In May, 2006, a group calling itself the Tribu Ka marched down the Rue des Rosiers, the main street of the Orthodox Jewish neighborhood in Le Marais, chanting anti-Semitic slogans. The Tribu Ka’s leader, Kémi Séba, a French-born man of Ivory Coast and Haitian parentage, reportedly issued a “warning” to France’s Jewish community: “If by any chance the French Jews brush even a single hair of Brother Fofana’s head, we will take care of the curls of your rabbi.” In July, Sarkozy, who was then the interior minister, had the Tribu Ka banned. All of this meant further embarrassment for Dieudonné, who, it was revealed, allowed Séba to use the Théâtre de la Main d’Or for meetings in which he reportedly praised Hitler’s ideas on race. Dieudonné’s office issued a statement emphasizing the gulf between Séba and himself, and pointing out that Séba’s “ethnically based organization”—the Tribu Ka excludes non-blacks from its meetings—was the opposite of the “republican project defended by Dieudonné.” (Two months ago, the Théâtre de la Main d’Or announced Séba’s stage début, a “street politic” production called “Sarkophobie.”)

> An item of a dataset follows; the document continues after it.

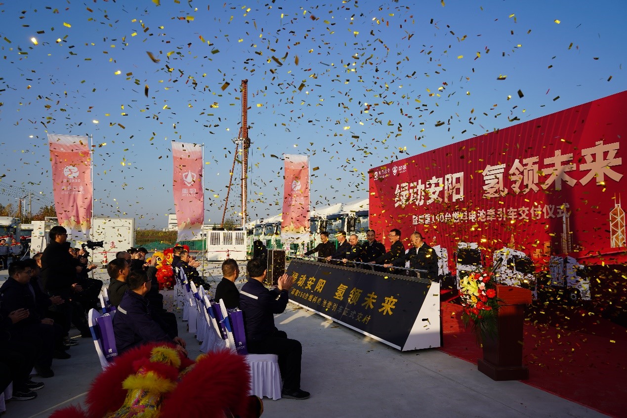 此次犀重汽车交付安阳原尚的150辆燃料电池牵引车作为迄今为止河南安阳市投运的最大一批氢能重卡,为安阳绿色物流发展以及氢能推广应用树立了一个新的里程碑。

In August, 2006, Dieudonné left town on an “anti-Zionist solidarity mission,” and arrived in Beirut in the wake of Israel’s war with Hezbollah. He was accompanied by his Presidential campaign manager, Marc Robert; the September 11th conspiracy theorist Thierry Meyssan; and Ahmed Moualek, the leader of the youth organization La Banlieue S’Exprime! (The Suburbs Speak!). Dieudonné met with the chief of Hezbollah’s television network, Al Manar, and was photographed shaking hands with Jesse Jackson, who looked befuddled. By his side during all these encounters was his new friend from the National Front, Alain Soral.

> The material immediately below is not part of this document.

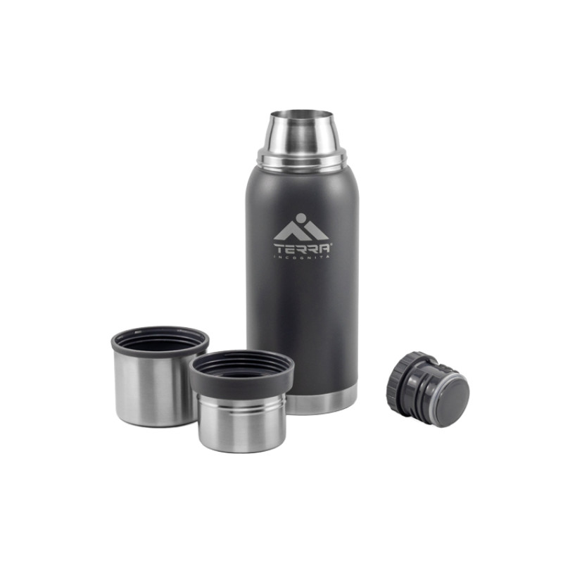 Термос Terra Incognita Duett 1000 Корпус та колба термоса виготовлені з міцної харчової нержавіючої сталі 18/8. Термос довгий час зберігає напій гарячим / холодним завдяки вакуумній ізоляції між стінками корпусу та колбою.

I saw Soral again this past May, two weeks after the French Presidential elections. Le Pen had won only ten per cent of the vote—his worst showing in years—and failed to qualify for a second round. Though the victorious Sarkozy campaign managed to win National Front supporters by promising a tough new immigration policy, N.F. insiders blamed the outcome on Soral’s “banlieue” strategy and the alliance with Dieudonné, who, they believed, had alienated white voters as well as moderates. “We have passed into the Republic of Show Business, a schmatte monarchy,” Soral said glumly. “There was almost nobody on the Champs-Élysées for Sarkozy’s victory, but on TV it looked like crowds. It was just like in Baghdad, with the tearing down of Saddam Hussein’s statue. It was all staged television, recycled crowds, Jews. The French people don’t care—they’re like cows watching a train go by.”